Do you think I would be sitting here eating "four-and-twenty" meat party pies in my school uniform if I owned Harry Potter? I mean get real...

Anyways I disclaim again and again and aga... forget it. (excellent) (soz...that is my new favorite word...excellent... it may pop up in this story a bit...or a lot... GET ON WITH THE STORY! Soz...)

HERETH IT ISETH!

!#$&()

"Ron? Ronnie? Ronble Bee? Why are you having suicidal thoughts! You know that I have that clock that tells me things! You stop that right now! I have informed all of your teachers, and now the whole school knows! (School-please look out for him...)Rasbery "

and Rons HOWLER ended.

" I hate her!" Ron screamed (but deep down he really loved her) (just for any of you people out there who think the idea of hating Mrs. Weasly is preposterous.) (and if you don't think it is preposterous then he didn't really love her deep down) (if you thought that it was preposterous and have read this far then ignore that last part please) ETC...

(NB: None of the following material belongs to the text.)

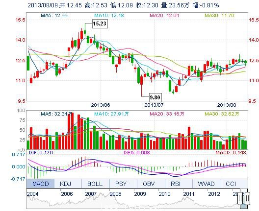 | 今 開: | 12.45 | 成交量: | 23.56萬手 | 振 幅: | 3.55% |

"Excellent" thought Draco. "My plan is working. Maybe...no. (I was actually gonna say something there but I forgot what.) (I'm sorry about all the brackets...my English teacher says that I use them too much) (I disagree). (I'm just gonna restart this paragraph for you...)

"Excellent" thought Draco. "My plan is working! I got Weasley thinking that he has to choose between the love of his life Neville (who he hears wedding bells just thinking about) and his best friend Harry! Woo hooo oh yeah! Whos da man! I'm da poof not da man!" "Yeah that's right Draco honey!"

!#$&()

"Ron! Listen to me! Cant you see that that is the note that I wrote Draco? He probably got the names mixed up! That means that he wants the same from me! Oh yeah! Whos da man?"

"Get lost Harry"

!#$&()

Yeah yeah I know SHORT

But it is only short because I am paranoid if I rant on for too long then I will ruin the story! See! I only have your best interests at heart!